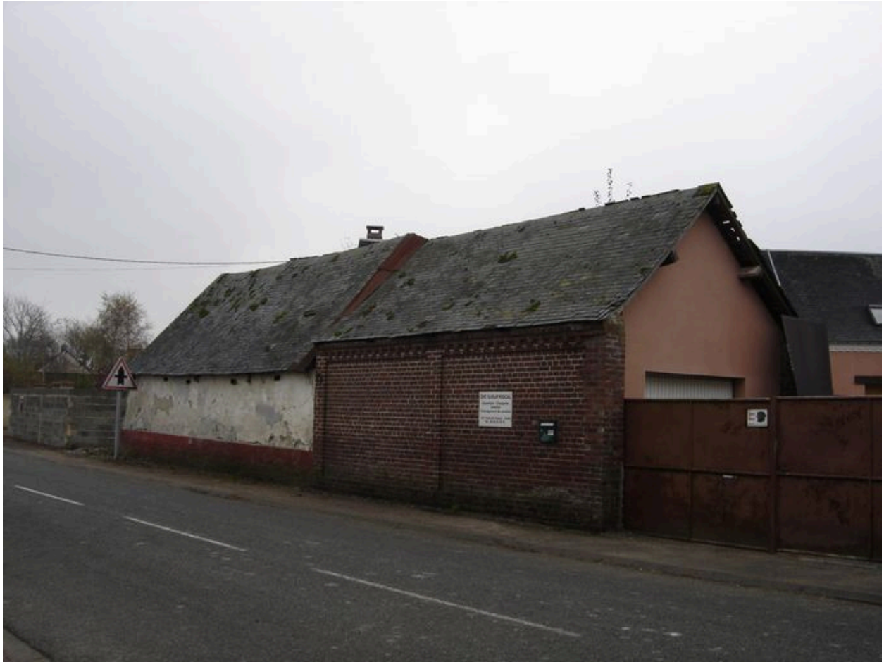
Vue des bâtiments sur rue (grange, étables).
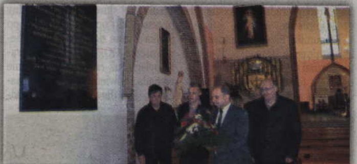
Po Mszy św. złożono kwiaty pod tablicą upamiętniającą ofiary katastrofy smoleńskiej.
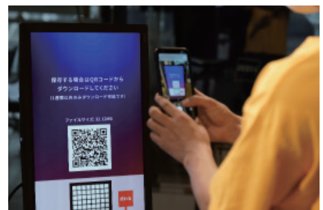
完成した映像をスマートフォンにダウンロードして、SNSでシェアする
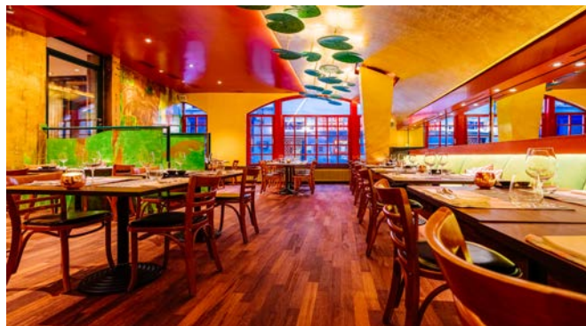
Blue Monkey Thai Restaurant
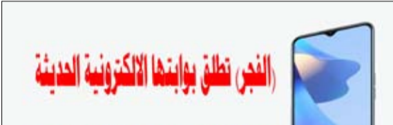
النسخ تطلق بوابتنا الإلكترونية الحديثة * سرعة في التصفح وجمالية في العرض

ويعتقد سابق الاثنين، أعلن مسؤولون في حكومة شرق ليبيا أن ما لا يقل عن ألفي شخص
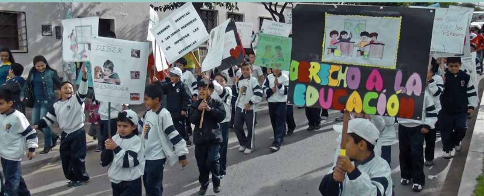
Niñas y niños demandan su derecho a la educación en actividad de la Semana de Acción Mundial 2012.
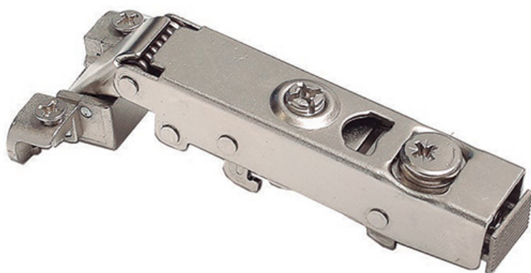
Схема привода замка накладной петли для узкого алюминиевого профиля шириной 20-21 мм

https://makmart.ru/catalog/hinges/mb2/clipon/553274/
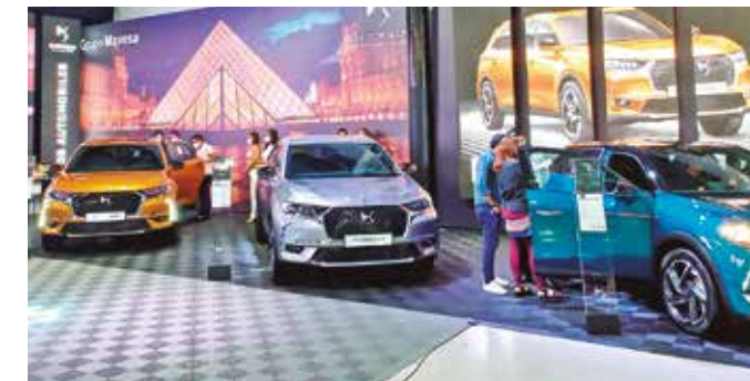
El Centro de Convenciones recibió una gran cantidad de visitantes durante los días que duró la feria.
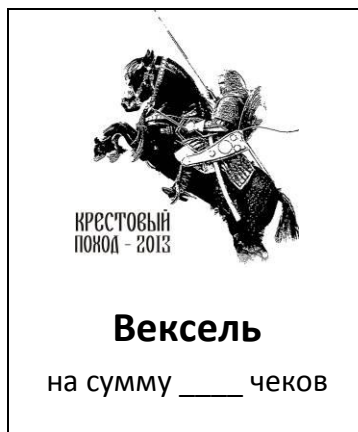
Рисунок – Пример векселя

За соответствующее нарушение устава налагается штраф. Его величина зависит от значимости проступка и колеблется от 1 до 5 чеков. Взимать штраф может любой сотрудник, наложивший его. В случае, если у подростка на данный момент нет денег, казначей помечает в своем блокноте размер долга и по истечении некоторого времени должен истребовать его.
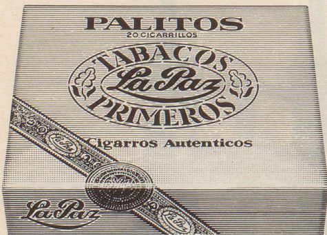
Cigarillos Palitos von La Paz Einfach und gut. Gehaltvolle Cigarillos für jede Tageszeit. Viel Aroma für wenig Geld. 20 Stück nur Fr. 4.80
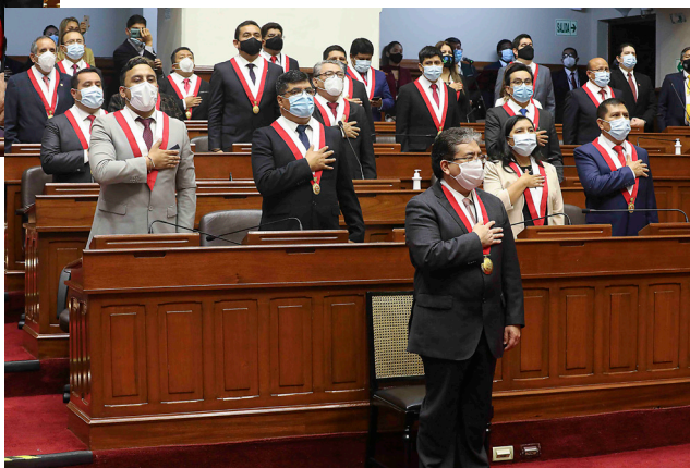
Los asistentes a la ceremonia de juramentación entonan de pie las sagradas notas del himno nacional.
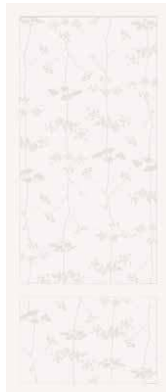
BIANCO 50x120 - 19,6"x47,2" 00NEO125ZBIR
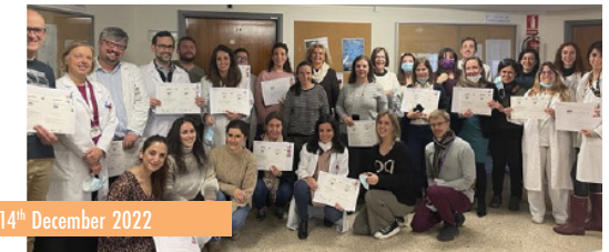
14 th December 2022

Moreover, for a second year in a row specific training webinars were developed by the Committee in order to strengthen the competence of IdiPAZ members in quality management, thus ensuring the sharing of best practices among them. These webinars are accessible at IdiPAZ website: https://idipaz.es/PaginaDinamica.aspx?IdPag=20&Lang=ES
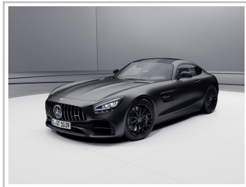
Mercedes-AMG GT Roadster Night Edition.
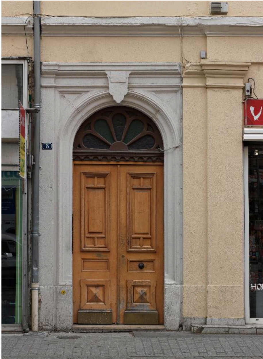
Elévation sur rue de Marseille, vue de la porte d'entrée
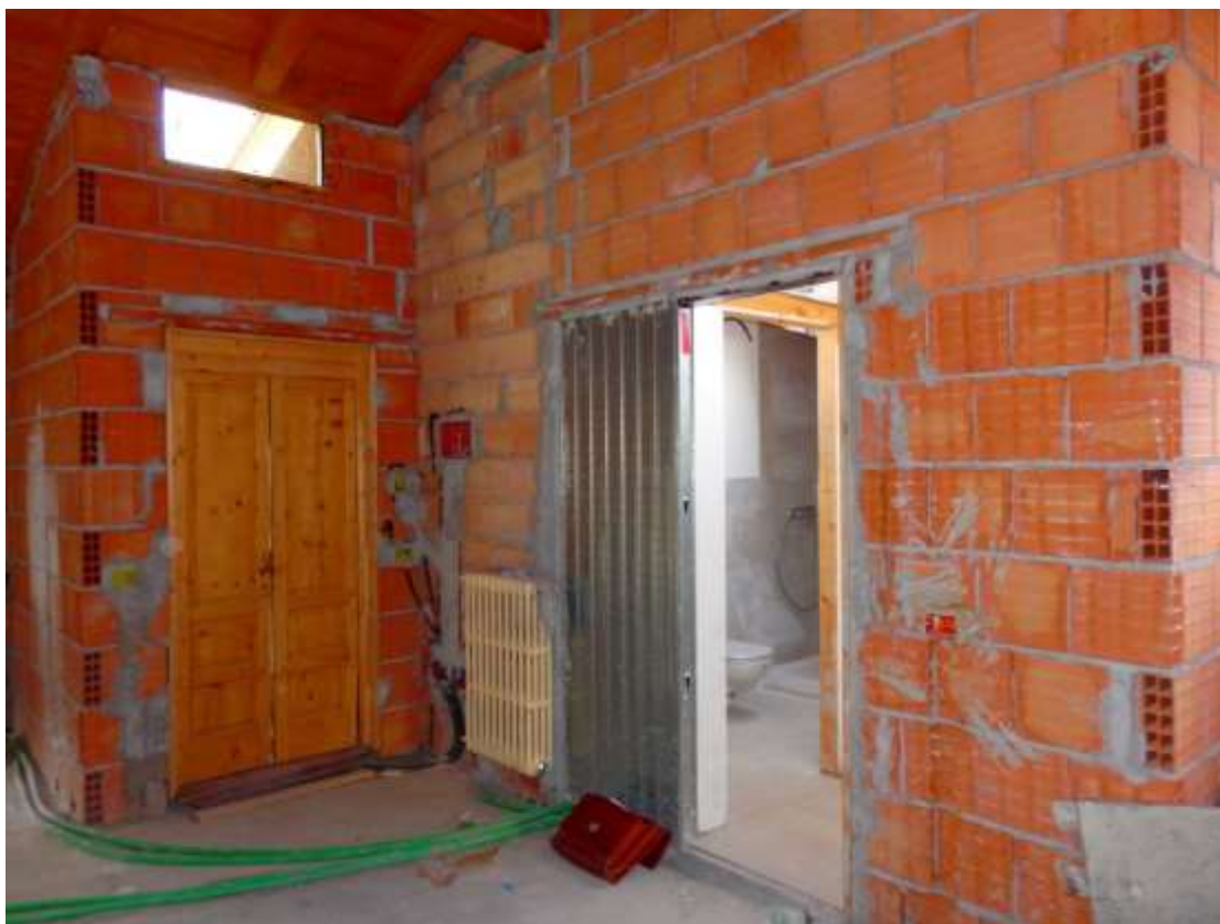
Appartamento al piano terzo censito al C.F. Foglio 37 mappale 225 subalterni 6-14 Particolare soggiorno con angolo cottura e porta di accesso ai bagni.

__________

Directions for this task:
Please copy out each line of the material that holds the string "https".

Your solution:
https://makmart.ru/catalog/hinges/mb2/clipon/553274/
Moreover, for a second year in a row specific training webinars were developed by the Committee in order to strengthen the competence of IdiPAZ members in quality management, thus ensuring the sharing of best practices among them. These webinars are accessible at IdiPAZ website: https://idipaz.es/PaginaDinamica.aspx?IdPag=20&Lang=ES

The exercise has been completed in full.